Roger Jordan
In just four days last week, Canada’s federal government received 500,000 applications for Employment Insurance (EI) from laid-off workers. The figure is far higher than the 425,000 total jobs lost in the eight months immediately following the eruption of the 2008 global financial crisis, and points to the countrywide job massacre that has been triggered by the spread of the coronavirus pandemic.
According to University of Calgary economist Trevor Tombe, last week’s EI applications equaled 2.6 percent of the total Canadian labour force. This is in line with percentage of the workforce that lost their jobs in July 1932, the worst month for layoffs and plant closures during the Great Depression.
But in reality, the current jobs crisis is even worse. As a result of the cuts made to unemployment benefits by Liberal and Conservative federal governments over the past 40 years and the rise of precarious contract work, just 40 percent of jobless workers qualify for EI, although this figure tends to rise in the first stages of a pronounced economic crisis, when many longtime workers lose their job.
All this suggests that the true number of workers who lost their jobs last week is many hundreds of thousands more than half-a-million, and could possibly be as high as a million.

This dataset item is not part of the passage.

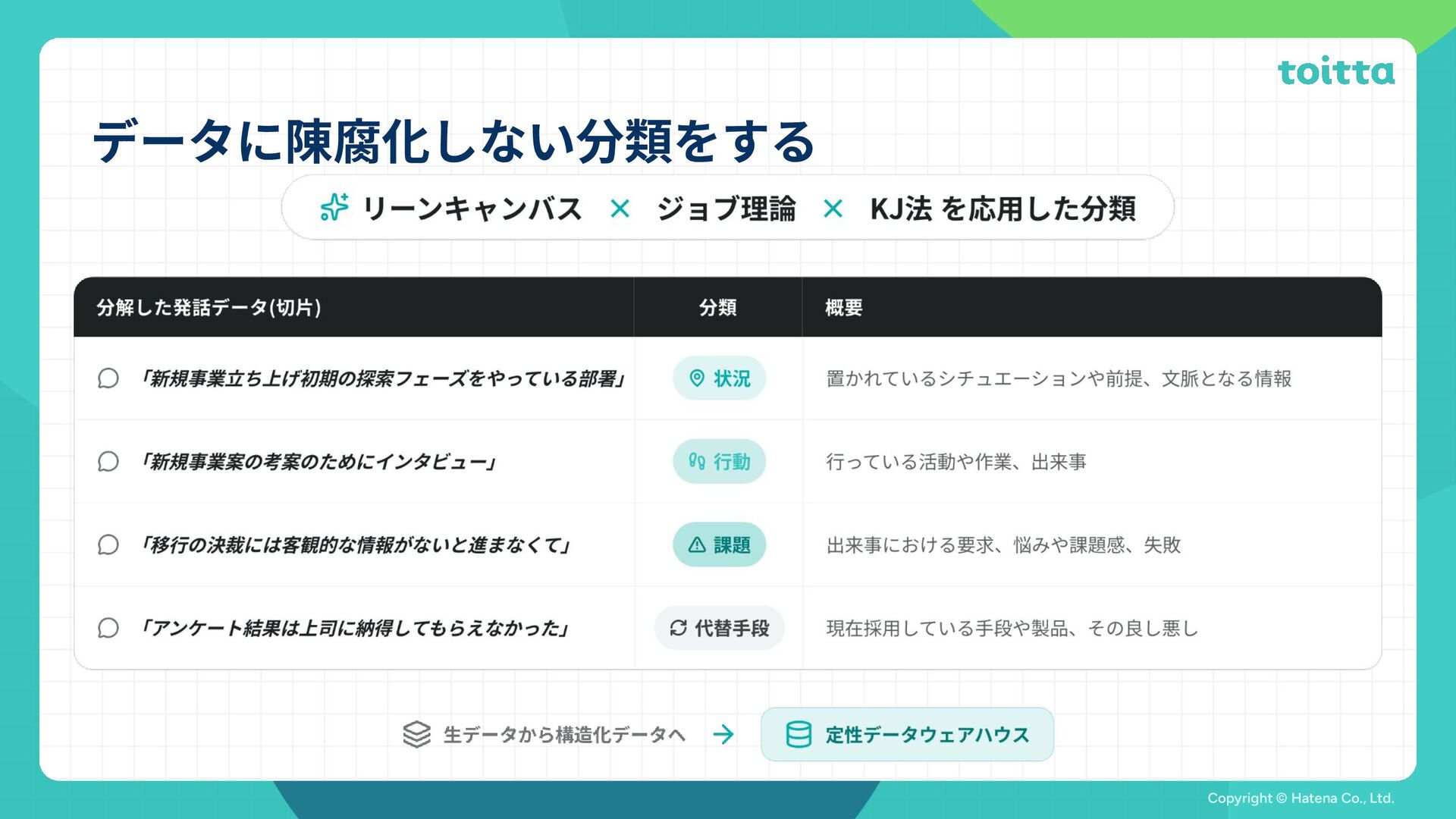 分析可能な構造化データにして保管 発話を、分析⽤データ「切⽚」に toittaチームでの実践

Economic analysts are now projecting that Canada’s economic output will contract by a staggering 11 percent in the second quarter of 2020. In the United States, far and away Canada’s most important trading partner, output is expected to plunge 24 percent, according to Goldman Sachs.
The layoffs have swept across the entire economy. In the airline sector, Air Canada is laying off 5,100 flight attendants, while Air Transat will cut 2,000 jobs. Longview Aviation Capital, which manufactures twin-engine aircraft, will cut close to 1,000 positions at its production sites in Ontario, Alberta, and British Columbia. In the auto industry, tens of thousands of workers at the Detroit Three plants in Ontario and related parts suppliers have been, or soon will be, laid off, after workers protested over being made to work in unsafe conditions, packed together on assembly lines.
In the arts and entertainment sector, the Banff Centre for Arts and Creativity is laying off 400 workers. Hundreds of thousands of low-paid workers in theaters, cinemas, restaurants, the film and television industries, and tourist services are now out of work.
The best the many hundreds of thousands of workers of newly unemployed can hope for is that they receive 60 percent of their former salary, as under the current EI system, with the maximum benefit capped at $573 per week.
This will leave the vast majority struggling to make ends meet. For those not eligible for EI, the situation is even more dire. Last week the government announced a temporary Emergency Support Benefit, whose details were worked out in close consultation with Canadian Labour Congress President Hassan Yussuff. It is supposed to provide support for short-term contract, gig, and other workers who don’t qualify for EI. However, the details are vague, no benefits will be paid out until sometime next month, and people have to apply online through their Canada Revenue Agency account, providing additional obstacles, especially for lower-paid and immigrant workers, to accessing support.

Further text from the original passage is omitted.